Infrequently-requested bits of content eventually expire.
- Markup enhancements: I’ve added some extra processing on top of Textile to do
the things I’ve always wanted to do. Ruby code is automatically
syntax-highlighted, LaTeX math expressions are turned into MathML (via
RiTeX ), etc. Finally I can write purty-lookin’
math and code without a ridiculous amount of effort.
- Threaded comments. Why would you not have this?
- Comments via email. This is still a work in progress, but comments can
currently only be made by entering your email address, and replying to the
resulting email.
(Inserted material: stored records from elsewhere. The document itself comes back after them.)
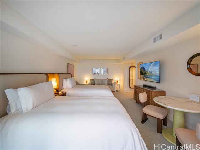 Experience luxury 5-star hotel living at Ka La'i Waikiki Beach (former Trump Tower Waikiki) Hilton’s new luxury LXR Hotels & Resorts. This unit has already the paid renovation cost of about $130,000 to be able to enter the new hotel pool program . This large 559 sqft studio also has a 77 sqft lanai overlooking the ocean and Fort Derussy Park, and comes fully furnished with hotel furniture & spa like accessories. Building amenities include maid service, room service, restaurants, infinity pool & jacuzzi, 24hr fitness center, luxury spa for massage & facials, business center, surfboard & bike storage, and free valet parking for owners. Maintenance fee includes access to all amenities and all utilities except electricity. Located across the street from the world famous Waikiki Beach and next to many shopping & dining options. Come take a look today and enjoy this Waikiki resort vacation and executive lifestyle!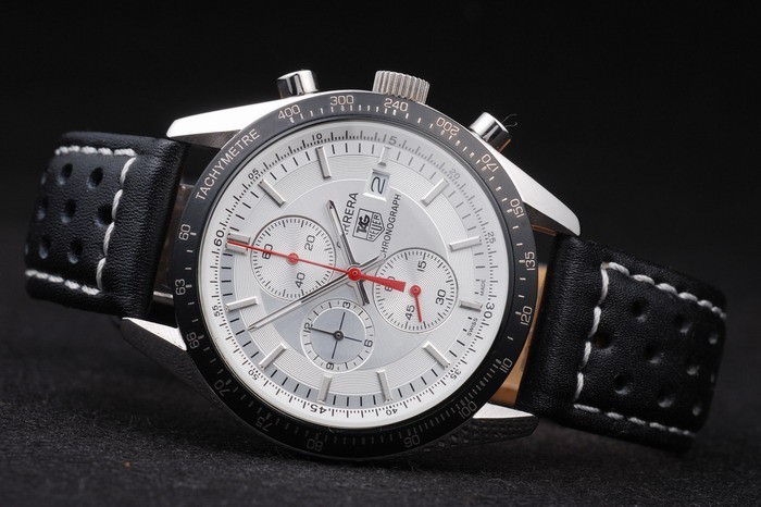 Armbånd: Textured Black Læderrem med varmeprægede frimærke og Formel 1 Tag Heuer Graveret Hook-Buckle Clasp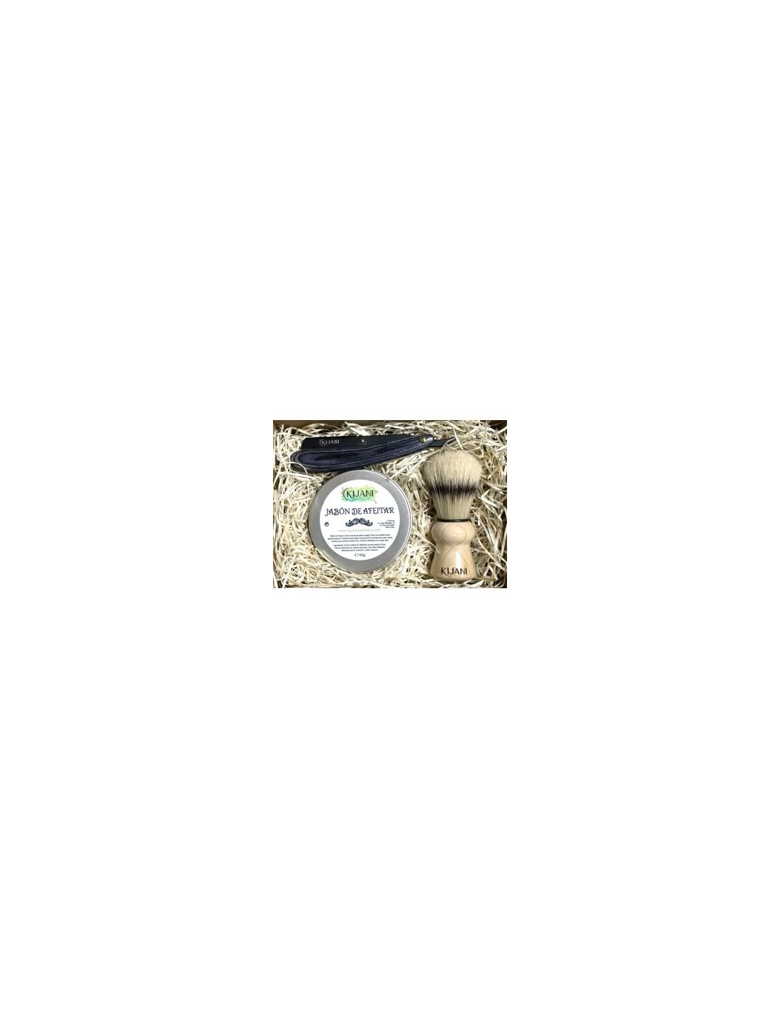 Pack de afeitar con un jabón de afeitado de lavanda, una navaja y una brocha de afeitar. Productos de artesanía para la barba.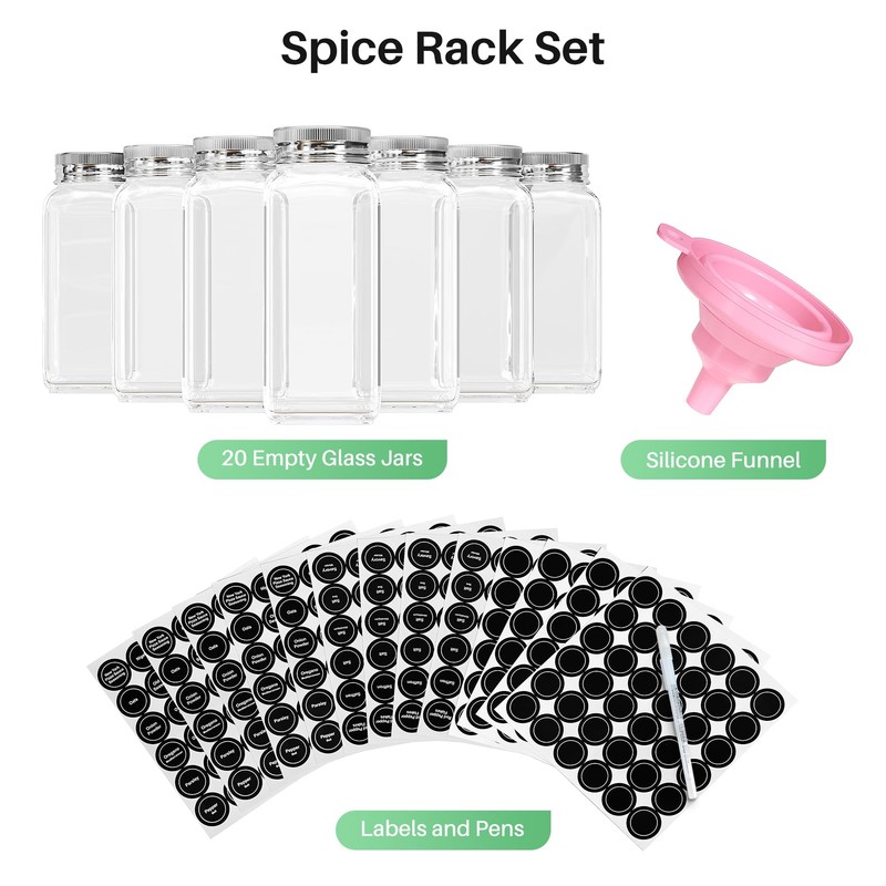 - Comes with Empty Bottles & Labels: The Ferris-wheel spice rack set includes 20 jars, a funnel, and multiple erasable labels. Organize your spices your way.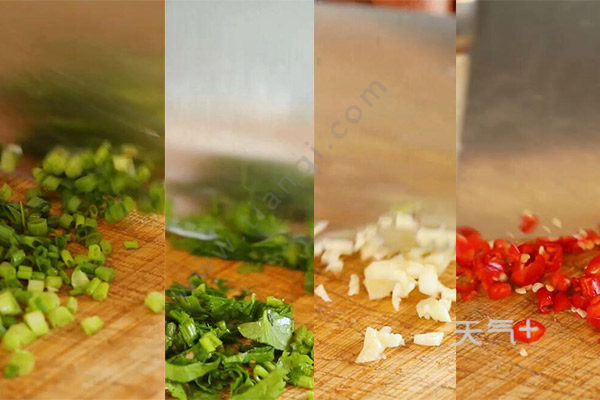 2、小葱切葱花,香菜切碎,蒜切末,小米椒切末;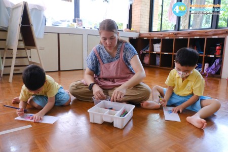 เป็นกิจกรรมที่เด็ก ๆ ได้ฝึกกล้ามเนื้อมัดเล็กการระบายสี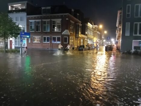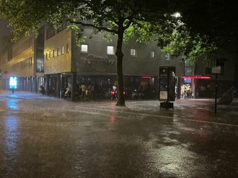 Op de Grote Markt vindt dinsdagavond Night of the Songs plaats. Dit is een karaoke-evenement waarbij studenten en inwoners worden uitgedaagd om mee te zingen met allerlei bekende liedjes. “Rond 22.30 uur begon het stevig te hozen. Ook was er flink wat onweer”, vertelt een nieuwsfotograaf. “Binnen enkele minuten was de Grote Markt leeg. Aanwezigen zochten een veilig heen komen. Toch is het niet iedereen gelukt om droog te blijven.”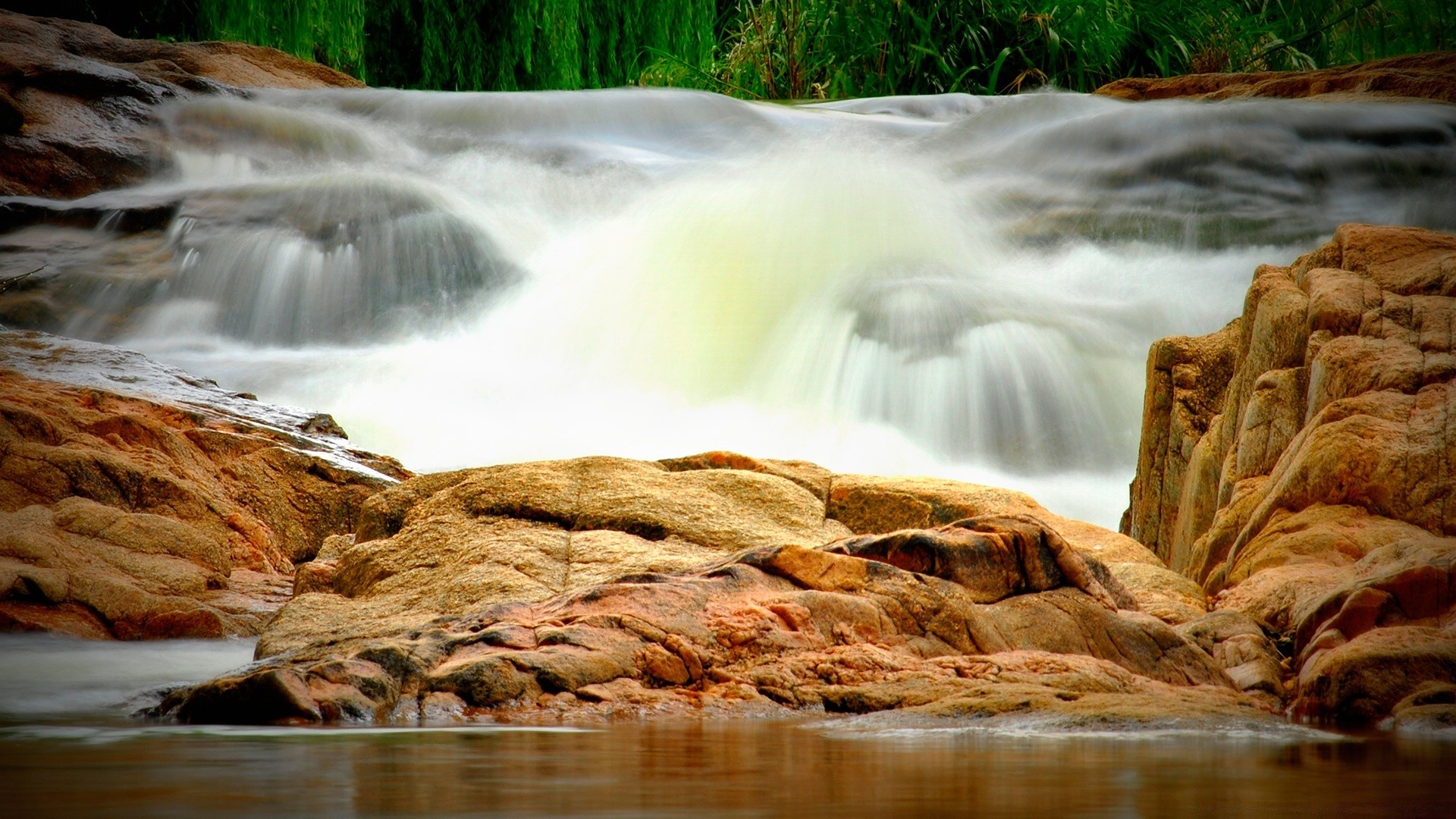 Kayaların üzerinde şelale bulunan sonbahar manzarası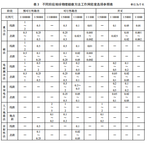 h) 地球物理方法實(shí)物工作量應(yīng)滿足相應(yīng)比例尺(參見表 3)及探測(cè)深度要求;后續(xù)涉及鉆探工作的應(yīng)有異常驗(yàn)證和再解釋的設(shè)計(jì)內(nèi)容。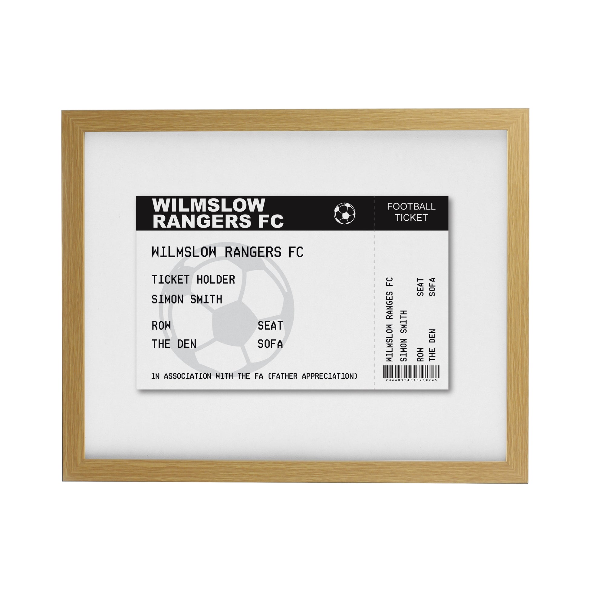 Personalised Football Ticket Oak Poster Frame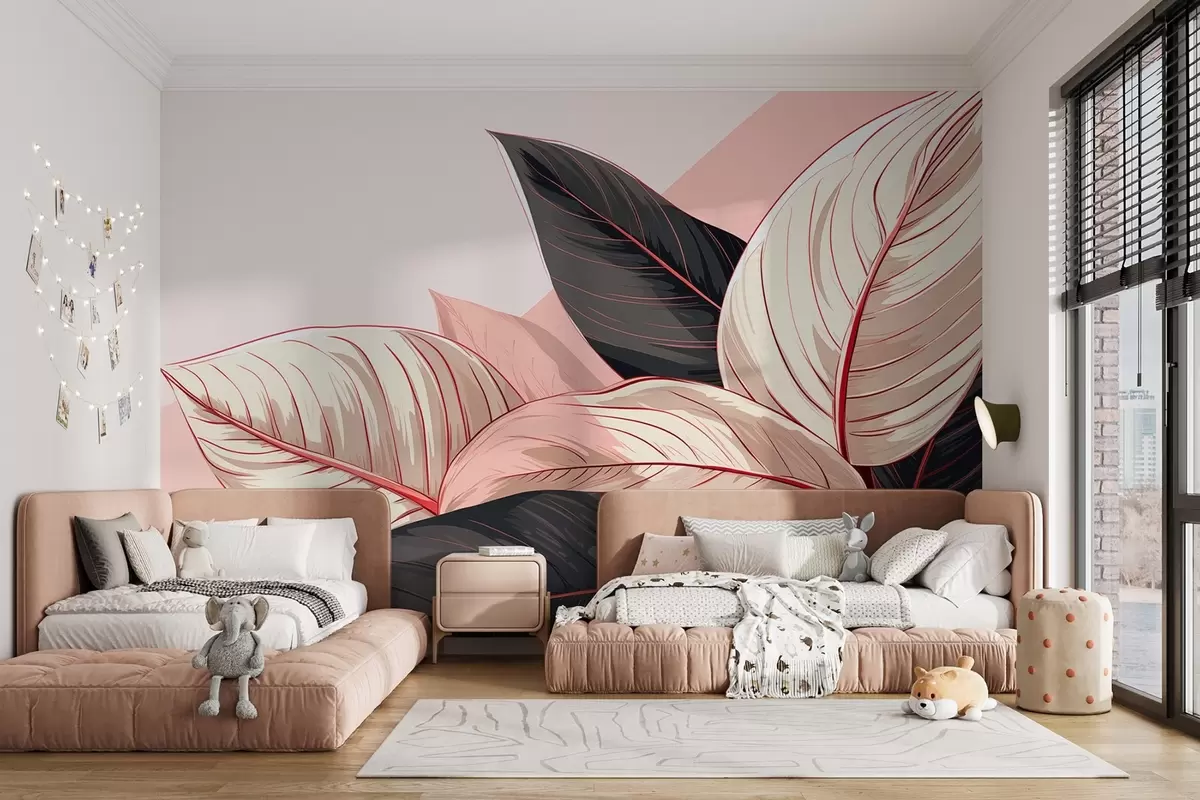 Fotomurales Hojas tropicales grandes de color gris rosado con un fragmento rosa Nr. w08970v1

This allows you to quote, thread, and generally have a
reasonable discussion, which is what email is good at, and what typing shit
into little text areas on your web browser is not. The eventual goal
is to automatically mirror the entire conversation, but right now it just
mirrors individual replies.
- Multiformat support. In addition to HTML and RSS output, there’s a plain
text mode for the hard-core.
- Pagination, labels, per-label and per-author indices, etc.
- The whole thing amounts to a little over 1200 lines of code.
The code’s still a while away from being ready for public consumption, but I’ve
put up a git repo here: git://masanjin.net/whisper.
The next steps are to flesh out the code enough to make it usable by other
people, make a gem, and maybe publish some performance numbers.